The Democrats and the Backbone Question
Wednesday, September 22, 2004
I have been somewhat mystified as to why invidious comparisons of the presidential candidates Viet Nam era military records have taken on such a central role in this presidential campaign. As I was driving home from dropping Elizabeth off at preschool, it came to me, encoded in the phrase "vestigial spine." You know, I'd almost forgotten -- most Democratic politicians have almost no spine, so accustomed are they to trying hard to look like moderate Republicans. The military service issue is the pipe cleaner that can be wound round the vestigial spine to make it look like a real Backbone.
This morning, I received an email from MoveOn directing me to this speech given by John Kerry last night, telling me what a fine speech it was. But when I read it, I trip over passages like this one:
In fighting the war on terrorism, my principles are straightforward. The terrorists are beyond reason. We must destroy them. As president, I will do whatever it takes, as long as it takes, to defeat our enemies. But billions of people around the world yearning for a better life are open to America’s ideals. We must reach them.
To win, America must be strong. And America must be smart. The greatest threat we face is the possibility Al Qaeda or other terrorists will get their hands on a nuclear weapon.

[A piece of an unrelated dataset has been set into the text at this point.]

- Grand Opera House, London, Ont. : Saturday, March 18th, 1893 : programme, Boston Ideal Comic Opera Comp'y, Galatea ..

I'm all for putting a stop to terrorism. But first of all, look where defining our opposition to terrorism as a war has gotten us: into several non-figurative wars. Secondly, I am uncomfortable with the phrase "terrorists are beyond reason." While I don't think we should negotiate with terrorists, or spend a lot of time wondering why certain mass murderers hate whom they hate, there is a dehumanizing subtext to the phrasing. Since he has not defined "terrorist," this is a fairly expansive dehumanization. Following with the sentence "We must destroy them" underlines the dehumanizing subtext of the previous sentence. And what about he choice of the verb "to destroy"? Not "destroy their networks," but "destroy them." Why didn't he just say kill them? "Destroy" is a euphemism used to describe the killing of animals. Then he juxtaposes these terrorists with those who are "open to American ideals." The people of the world deserve a life without terrorism whether or not they are receptive to American deals or ideals. Selectively arming militias and providing vast seed capital for private military startups will not deliver them from terrorism.

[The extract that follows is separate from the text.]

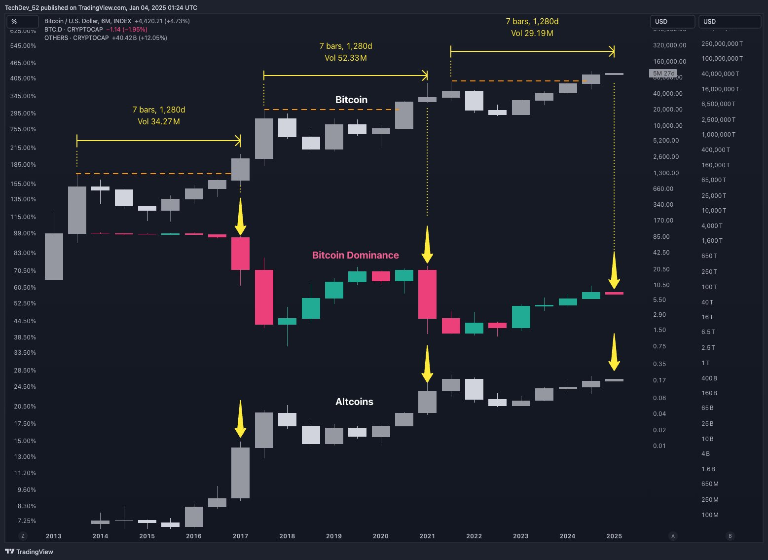 По словам TechDev, исторически альтсезон начинался после того, как биткоин формировал новую шестимесячную свечу, преодолевая максимум текущего цикла.

Then we come to the next paragraph, which is I think the more problematic of the two. He starts out "America must be strong." I'm all for a strong America, by which I mean an America furnished with a military of appropriate strength and skill to protect our country. This is being dismantled by the forces of privatization by people who believe we can buy strength on the open market whenever necessary. But I don't think that's what Kerry means by a strong America. I thinks he means that if he were to have chosen to invade some place like Iraq, he would have had sufficient military force not to screw it up. As nearly as I can tell, Kerry has carefully avoided the privatization issue. (And as for the next sentence, who could argue with "America must be smart."?)
I have to wonder if he really believes "The greatest threat we face is the possibility Al Qaeda or other terrorists will get their hands on a nuclear weapon." That seems to me a failure of imagination. Imagine instead a world in which military force is mostly privatized and is available for hire to whatever entity has the money; and that this privatization extends to nuclear weapons production; a world in which there are dozens of organizations analogous to Al Qaeda, competing organizations with private goals uncoupled from the common good that nation states have some obligation to provide for. Competing multinational private organizations with armed with nuclear weapons seems to me a worse scenario.

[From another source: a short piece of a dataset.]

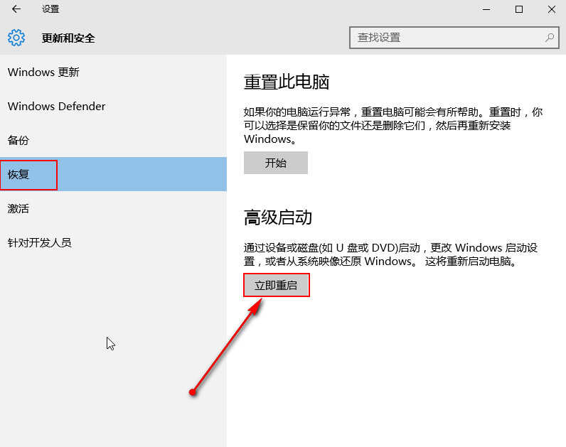 3、点击“恢复”选项,选择“立即重启”,如下图所示:

But returning to the subject of backbone, how many of the notions in these two paragraphs originate in part from the desks of Karl Rove and Karen Hughes? How much of Kerry's rhetoric on Iraq and on teorrorism boils down to I would have done what he said he'd do, not what he did. It seems to me that the military service issue has loomed so large so as to distract us from the fact that Kerry still lacks the backbone to stand up to the Republican machine.
There was a fair amount of talk in the blogosphere recently about putting on one's game face in order to win this one. I will, but my game face will not be a smiley face. At this point I'm not so much afraid Kerry is going to lose, but rather that if he wins we will still be stuck with so much of the hard right's ideological framework.